四狼の目の前にいたジンバハルは、誰の目にも明らかなほどの重傷を負っていた。
スラグショットの直撃を何発もその身に受けた結果、頭部の半分は歪に破損し、左腕は肩の部分から無残に千切れていた。
背中にも何発か食らったので、傷口からぼたぼたと流れ落ちる鮮血が床の上にドス黒い花を咲かせている。
「気分はどうだ?」
すべての弾を撃ち尽くした四狼は、ポーチの中から取り出した一発のスラグショットを装填して声をかけた。
そしてオートマチックからポンプ・アクションに切り替え、ジンバハルの意識を確認するようにフォアエンドを上下に動かす。
ガシャンッ、という耳朶を叩く音が鳴る。
「……何故だ……何故、貴様は同胞を……その手に掛ける?」
四狼はショットガンを構えた。
銃口はジンバハルの心臓部分に合わせられている。
「はっきり言っておく。俺にとってすべての〈亜生物〉は憎むべき存在だ」
その言葉を聞くなり、白濁色の大脳を零しかけていたジンバハルが笑った。
「ははは……しょせんは〈ナンバーズ〉か……人間に似ているだけの哀れな存在め」
「お前たちに言われる筋合いはない。それに――」
次の瞬間、ホール内に一発の銃声が轟いた。
そしてその直後、ジンバハルの巨体が大きく後方に倒れた。
よく見ると胸元に円形の穴が穿たれており、その中に収まっていたはずの心臓は影も形もなかった。
跡形もなく吹き飛んだのである。
四狼は絶命したジンバハルを見下ろしながら呟いた。
「それに俺は〈ナンバーズ〉ではなく人間としての名前がある」
そのとき四狼は、一人の女性の言葉を思い出した。
――だから今日は貴方に名前をプレゼントする。気に入ってくれたら嬉しいわ。貴方の番号〈No46〉から因んだの。しろう……そう、貴方の名前は今日から四狼よ。
四狼はショットガンを肩に担ぎながらはっきりと口にした。
「俺の名前はしろう……四狼だ」
そう冷たい声で言い放った四狼は、二発目を撃とうとトリガーに指を掛けた。
その瞬間――。
「馬鹿な奴だ!」
怒号のような叫びを発したジンバハルが、手に持っていた戦斧を高らかに振り上げて瞬時に振り下ろした。
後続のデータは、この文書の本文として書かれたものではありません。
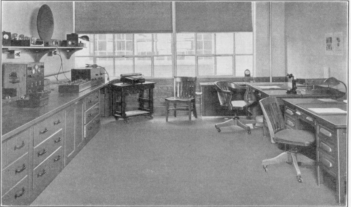
FIGURE 2. A typical laboratory. It will be noted that the power outlets are so located that they may be used conveniently for apparatus on the bench or on the shelf. Each outlet has its own switch and pilot lamp

unit being added to the General Radio plant. The primary purpose of this new building was to provide suitable space for the engineering department which, due to its growth during the last two years, was finding its previous quarters somewhat crowded.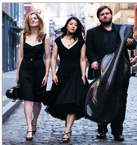
Neave Piano Trio

on Sunday afternoon, November 11 , with a program ranging from Haydn and Schumann to the dramatic and haunting Trio No. 2 of Dmitri Shostakovich.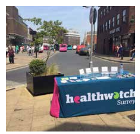
21st June, Guildford North St

We trained our group of Surrey Heath volunteers so they can carry out engagement events in the future.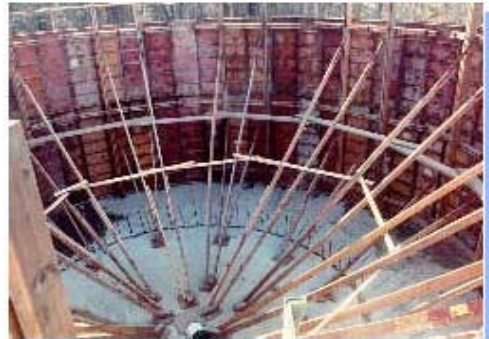
Concrete Shell Forms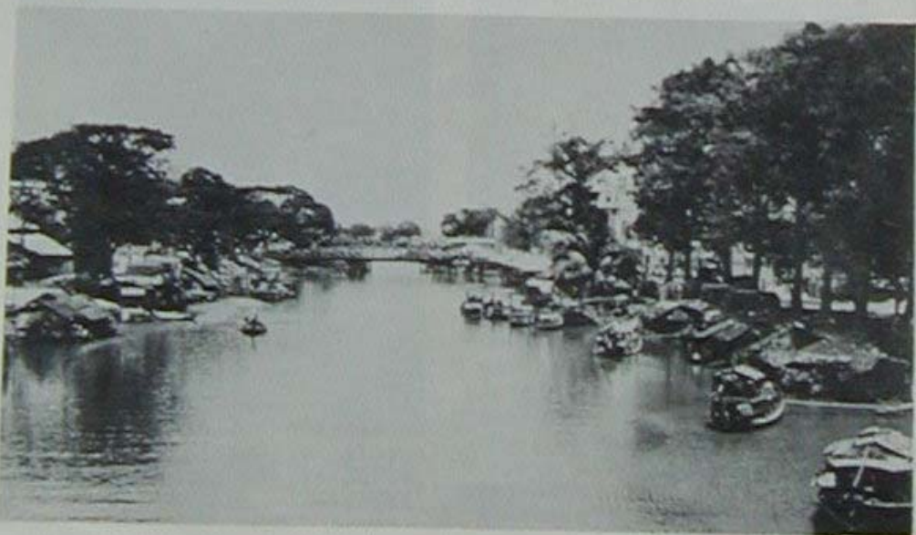
Boats dock along the banks of one of the many canals that interlace the cities and villages in Ba Xuyen province where Seabee Team 5301 is working. The canals are the principal means of transportation, especially during the monsoon season.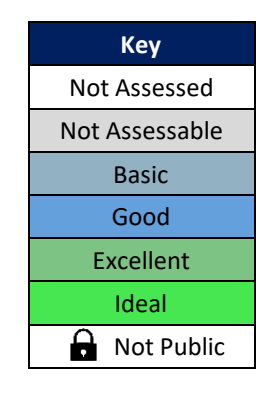
Figure 1 - Summary Cal/Val Maturity Matrix and Key. To be colour-coded to report results of assessment.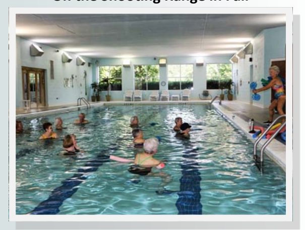
Indoor Swimming in the Winter

Monthly Summary for 2017 Monthly Summary for January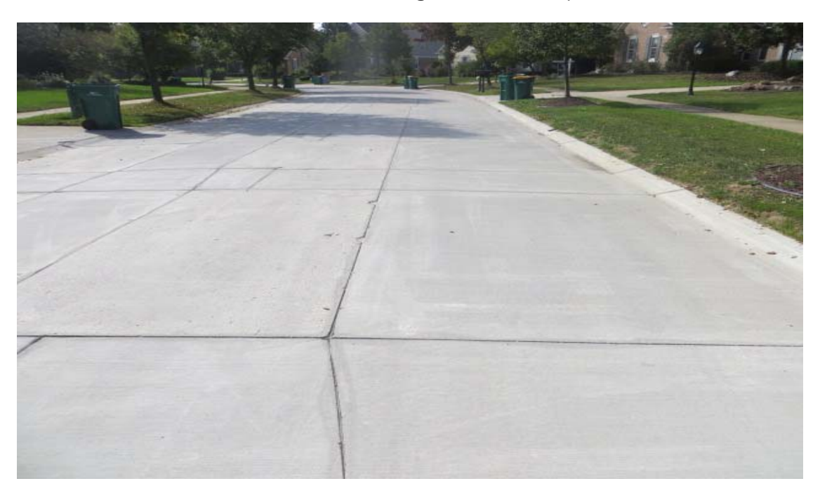
Fairway Hills Drive looking North after repairs

刹那、鼓膜を刺激する轟音とともにコンクリート製の床に地割れのような亀裂が生じた。
再びホールの一角が膨大な量の土煙に覆われていく。
その瞬間、すでに四狼は二発目のスラグショットを撃っていた。
しかし、発射されたスラグショットは濃密な土煙の中に吸い込まれるように消えただけでジンバハルの身体に直撃していないのは明らかだった。
射撃術に卓越した人間だけに有する能力なのか、手元から放たれた弾が対象に当たったかどうか四狼は感覚で分かる。
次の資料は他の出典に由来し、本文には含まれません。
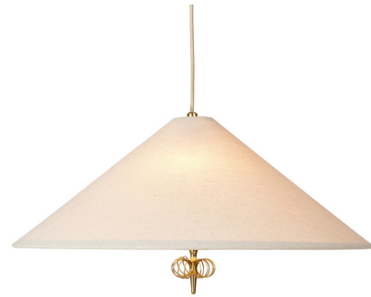
Shown in brass / canvas

With its refined lines and elegant details, the Tynell 1967 Pendant is a classic fixture that helped solidify Paavo Tynell's place as one of the leading designers of the mid-20th century. The 1967 Pendant emits warm, ambient lighting through its conical canvas shade. A fabric diffuser over the bottom of the pendant obscures the light source to reduce glare and adds to the cozy atmosphere. A brass detail beneath the shade adds an elegant touch to complete the look.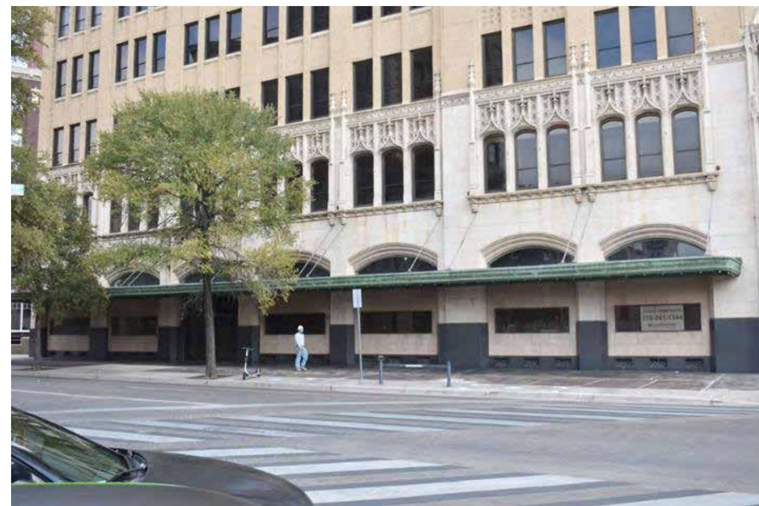
STREET LEVEL - WEST VIEW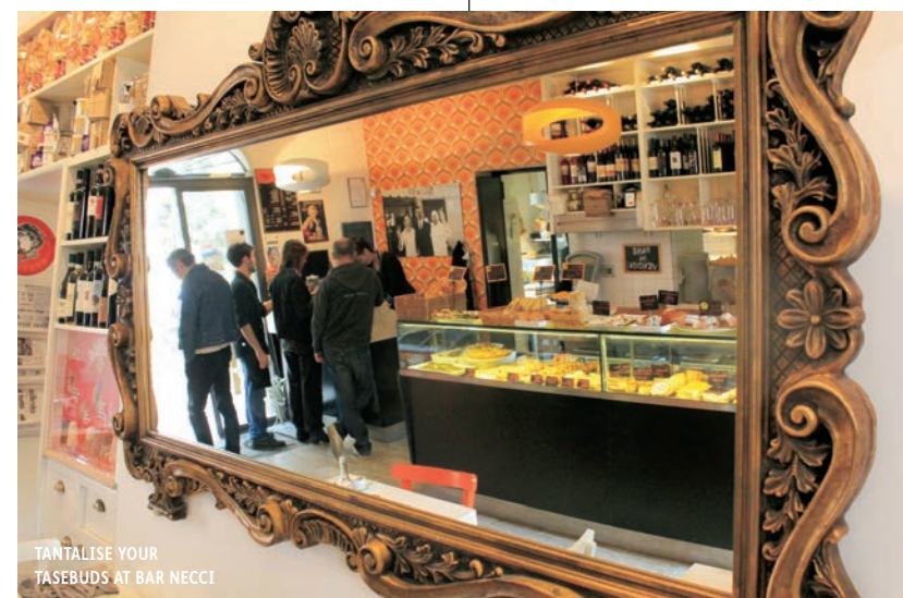
TANTALISE YOUR TASEBUDS AT BAR NECCI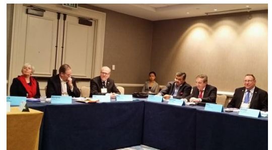
First training session....Idea Exchange:The Rotary Roadmap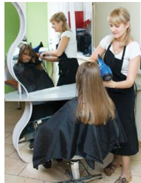
Apparel Stores / Salons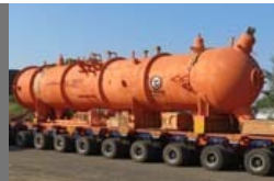
HP Feed Water Heater

その感覚が教えてくれた。ジンバハルの身体に弾は当たっていない、と。
「やるぞ、金剛丸!」
そう四狼が叫ぶや否や、後方に待機していた金剛丸の異様な双眸が光を発した。
全身を覆っているパラムタイト装甲の下からモーターを高速回転させるような駆動音が響き始め、やがて背中の排出パイプから高温の蒸気を排出させる。
四狼は片手でショットガンを握りながら床を蹴って疾駆した。
相棒の金剛丸は、戦闘モードを八十%以上開放させると起動にやや時間がかかる。
それを当然の如く理解していた四狼は、時間稼ぎも兼ねてまず己が行動を開始した。
向こう側も見えないほどの濃密な土煙の中に身を投じた四狼は、脳内に埋め込まれてある生体チップの力を借りて脳内神経伝達物質を過剰に分泌させた。
それにより身体能力、および新陳代謝が大幅に向上し、皮膚感覚は常人の実に数十倍に研ぎ澄まされていく。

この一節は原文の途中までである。